论文标题
适用于PPO和方向舵的参与者批评方法的融合证明
Convergence Proof for Actor-Critic Methods Applied to PPO and RUDDER
论文作者
论文摘要
我们在常用的假设下证明了参与者 - 批判性强化学习算法的融合,这些学习算法同时学习了策略功能,演员和价值功能,评论家。这两个功能都可以是任意复杂性的深神经网络。我们的框架允许显示众所周知的近端策略优化(PPO)和最近引入的舵的收敛性。对于融合证明,我们最近采用了两个时间尺度随机近似理论的技术。我们的结果对于使用情节样本的参与者批评方法有效,并且在学习过程中变得更加贪婪。以前的收敛证明假设线性函数近似,无法治疗情节示例,或者不认为策略变得贪婪。后者是相关的,因为最佳政策通常是确定性的。

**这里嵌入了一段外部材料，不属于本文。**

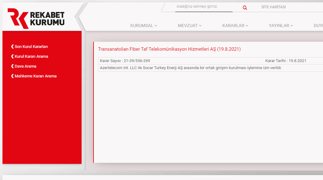 Türkiyənin Rəqabət Təşkilatı tərəfindən, "Azertelecom Int LLC" şirkətilə ilə "SOCAR Turkey Enerji AŞ" şirkəti arasında ortaq şirkət qurulması əməliyyatı da təsdiq edilib.
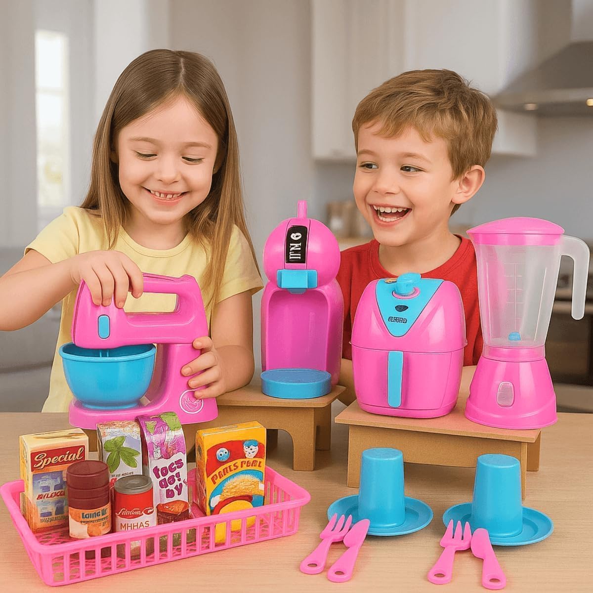 Kit Cozinha Infantil de Brinquedo Eletrodomésticos Comidinhas C/ 25 peças

We prove under commonly used assumptions the convergence of actor-critic reinforcement learning algorithms, which simultaneously learn a policy function, the actor, and a value function, the critic. Both functions can be deep neural networks of arbitrary complexity. Our framework allows showing convergence of the well known Proximal Policy Optimization (PPO) and of the recently introduced RUDDER. For the convergence proof we employ recently introduced techniques from the two time-scale stochastic approximation theory. Our results are valid for actor-critic methods that use episodic samples and that have a policy that becomes more greedy during learning. Previous convergence proofs assume linear function approximation, cannot treat episodic examples, or do not consider that policies become greedy. The latter is relevant since optimal policies are typically deterministic.